Thursday, January 17, 2013

Book Review: Revenge by Yoko Ogawa


Yoko Ogawa is one of my favorite Japanese writers. Her novels are more often than not bleak, she describes worlds and lives where usually things tend to go wrong. And there’s a kind of sadness throughout her narratives; a sadness that somehow manages to make the reader smile. Reading a Yoko Ogawa story is like watching a House M.D. episode as Dr. James Wilson announces to a patient that he’s going to die and the latter thanks him for it.

Revenge (out on January 29, 2013) is the first short story collection by the author that comes out in English, even though I am not quite sure I can call it so. The eleven tales included in this volume are in one way or another connected with each other.
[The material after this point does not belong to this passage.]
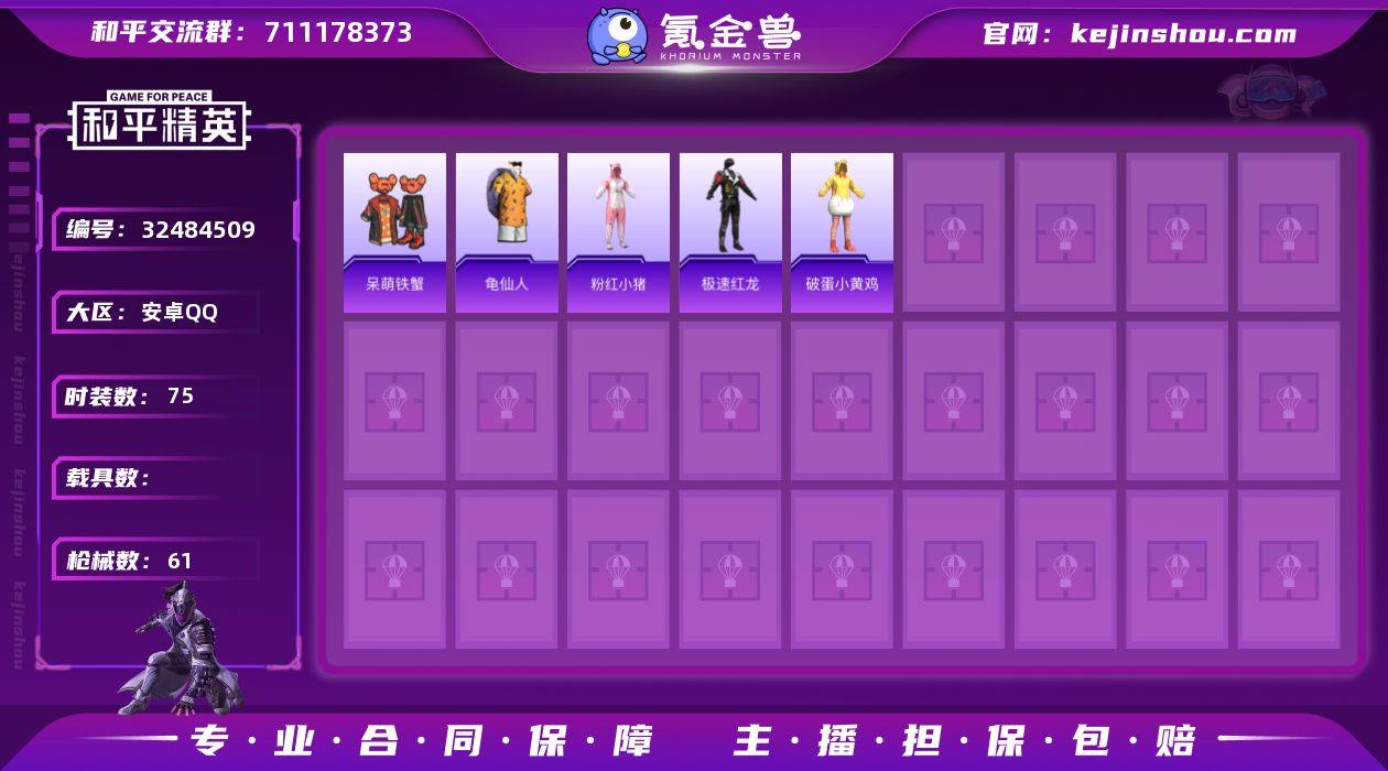 【937463】DYH18008【无敌战神框】安卓手Q-1特效枪-75套装-61枪皮-6王牌印记-卓越王牌15星-17261热力值【1特效枪】Mk14-福马献瑞[2级]【1飞行器】马上有福飞行器【135其它衣服和枪皮】柠萌假日,战地督导,麻辣教官,霓虹街区,绯格组合,冷焰舞者,竞技名士,黄色名流,猛禽,绮丽涂鸦,牛气满满,耀粉歌者,特训学院,炫蓝之夏,SS20特训,SS22特训,粉红小猪,雨过天青,深蓝色名流,都市魅力,SS23特训,角色-紫俏灵猫,SS21特训,猎鹰,都市漫游者,黑色伏地魔,SS26特训,龟仙人,骑行爱好者,牛气冲天,玉兔迎春,疯狂小兔子,蓝彩潮人,完美偶像,橘黑制服,极速红龙,幻影武者,破蛋小黄鸡,SS37特训,呆萌铁蟹,SS18特训,龙的传人,青年教官,萌黄之夏,白色伏地魔,SS24特训,SS25特训,蓝色运动,灼焰舞者,街头潮人,特种颜团子,海盐绵绵冰,SS17特训,缤纷果语,夏日音浪,元素星魂,怒火燎原,黄色运动,幻世战舞者,竞技达人朋克,狙击之神,人气偶像,SS28特训,探宝勇士,SS19特训,王牌教练,SS36特训,长空猛禽,红釉青花,魅力单车,滨海厨神,黄色伏地魔,湖蓝色名流,红色运动,酒红色名流,Kar98K-红色方程式,莫辛纳甘-乌木金纹,Mk47-乌木金纹,GROZA-生命誓言,AA12-G-雨过天青,UZI-极光之刃(应用宝),AC-VAL-天降萌叽,平底锅-绯红...
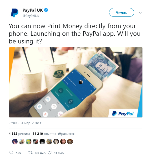 В Великобритании система PayPal анонсировала приложение для телефона, с помощью которого пользователи самостоятельно смогут печатать деньги.

The author plays with voices and the timeline, as she takes the reader from head to head, from situation to situation.

For some reason there are no happy endings in these stories, and maybe that’s exactly what makes them so special. We read about everyday lives, but highly unusual ones. We get to visit a garden where carrots that have the shape of hands grow, a museum of torture, a deserted zoo, a hospital, and a high-end hotel. As we follow the heroes from place to place, from sorrow to sorrow, the interest mounts, making us feel that desperate people are doomed to lead desperate lives.

“The room smells of death and disinfectant,” we read in Lab Coats, but the truth is that the whole book smells of death. There are no heroes here, only antiheroes. As they traverse from tale to tale, and narrate their own sad stories, death seems to follow their every step. Most of them are eccentric. One is an inventor of sorts that somehow becomes a museum curator; another is a painter, and one of the most important ones is an author. And somehow they all seem to have reached a dead end in their lives.

Maybe it’s the city, the hectic pace of life that makes them feel at a loss, but maybe not, as they do find the time to go places, sit still in a bakery and reminiscence, spend some time at a hotel, or even take care of a Bengal tiger.

The author has a unique way of placing people together at one place or another, at connecting the dots of their lives together, without even showing that she’s doing that. It’s as if she’s trying to say that we are all fragmented people, leading interconnected lives.

The prose is as beautiful as it could be, and having read some of Ogawa’s books both in Greek and English I can say that Stephen Snyder did a great job with the translation, since the stories at hand read like they were originally written in this language. This tome was a joy to read and I’m certain that I’ll return to it in the future.